Classroom lesson · Forests, Bogs and Hiking Trails · 🇪🇪 Estonia

Forests, Bogs and Hiking Trails

Half of Estonia is covered in ancient forest, with magical boggy wetlands to explore

Photo · Wikimedia Commons

What is it?

Forests cover almost half of Estonia - it is one of the most forested countries in Europe. Inside those forests you can find something quite unusual: vast, flat bogs where the ground is spongy, the water is tea-coloured, and strange twisted pine trees grow very slowly in the peaty soil.

Tell me more

A bog is a type of wetland where plants decompose very slowly because the soil is so acidic. Over thousands of years, layer upon layer of dead plant material builds up into a spongy mat called peat. Walking on a healthy bog feels a bit like bouncing on a very firm mattress.

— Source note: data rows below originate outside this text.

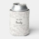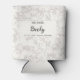 A personalized can cooler with the title, names, date and/or location of your wedding celebration. Here is the almost white version: white background, light gray floral pattern, and the most important information in darker lettering on an almost white background.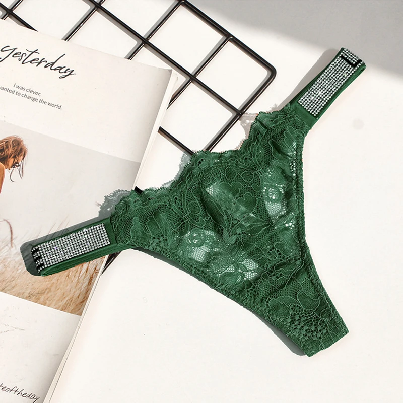 Стринги женские кружевные, прозрачные, со стразами, в европейском стиле, низкая талия Бесшовные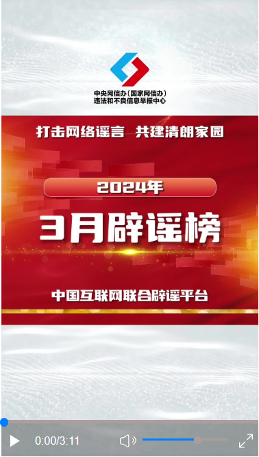 | 打擊網(wǎng)絡(luò)謠言 共建清朗家園 中國互聯(lián)網(wǎng)聯(lián)合辟謠平臺2024年3月辟謠榜 |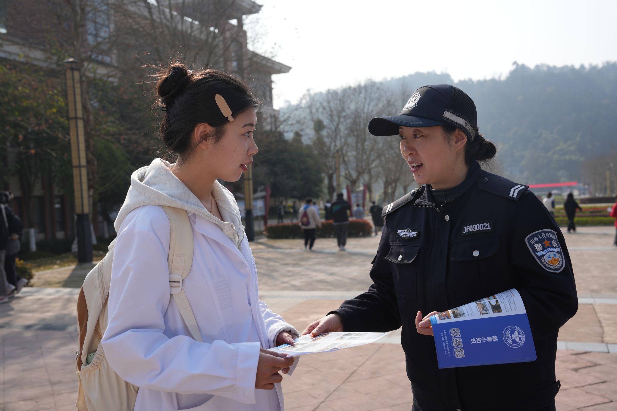 学院宣传统战部的工作人员和公安民警一起向师生发放了图文并茂的宣传手册,直观地展示了网络谣言、网络诈骗以及毒品问题的严重性和危害性。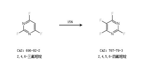 2.通過2,4,6-三氟嘧啶合成2,4,5,6-四氟嘧啶,收率約15%;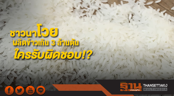 ชาวนาโวย ผลิตข้าวเกิน 3 ล้านตัน ใครรับผิดชอบ หวั่นข้าวล้นตลาด กรมการข้าวแจง กลัวมีภัยพิบัติ ยอดไม่ถึงเป้า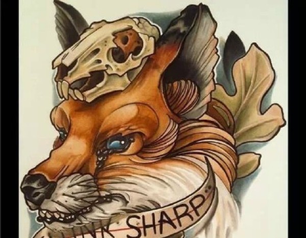 一组16张狐狸纹身手稿素材图案

Estonia's most famous bog is in Soomaa National Park. In spring, when the snow melts, the rivers flood and Soomaa can become flooded for weeks - locals call this the 'fifth season'. During the fifth season, the only way to get around some parts of the park is by dug-out canoe, just as people have done for thousands of years.

Hiking trails wind through Estonian forests and across wooden boardwalks over the bogs. On the boardwalks you can walk right out into the middle of a bog without getting wet, and watch dragonflies, rare orchids, and bog-cotton waving in the breeze. On a clear day, the reflections of clouds in the dark bog pools are breathtaking.

Estonia's forests are also home to mushrooms, blueberries and cranberries that people love to pick in autumn. Foraging - collecting wild food from nature - is a big part of Estonian life, and many families spend weekends walking in the forest with baskets.

In the classroom

Walk your class through this in 15 minutes.

Talk together

Discussion prompts

  1. 01Why might it be useful to walk on a wooden boardwalk instead of stepping straight onto a bog?
  2. 02What would you look for if you went foraging in a forest?
  3. 03Estonia has four normal seasons plus a 'fifth season' of floods. What would you call a special season where you live?
Try this

Classroom activity

Create a nature journal page from an imaginary walk across an Estonian bog. Draw at least five things you might see (a dragonfly, a twisted pine, a bog pool, bog cotton, a bird) and write one sentence about each. Add the date and weather at the top.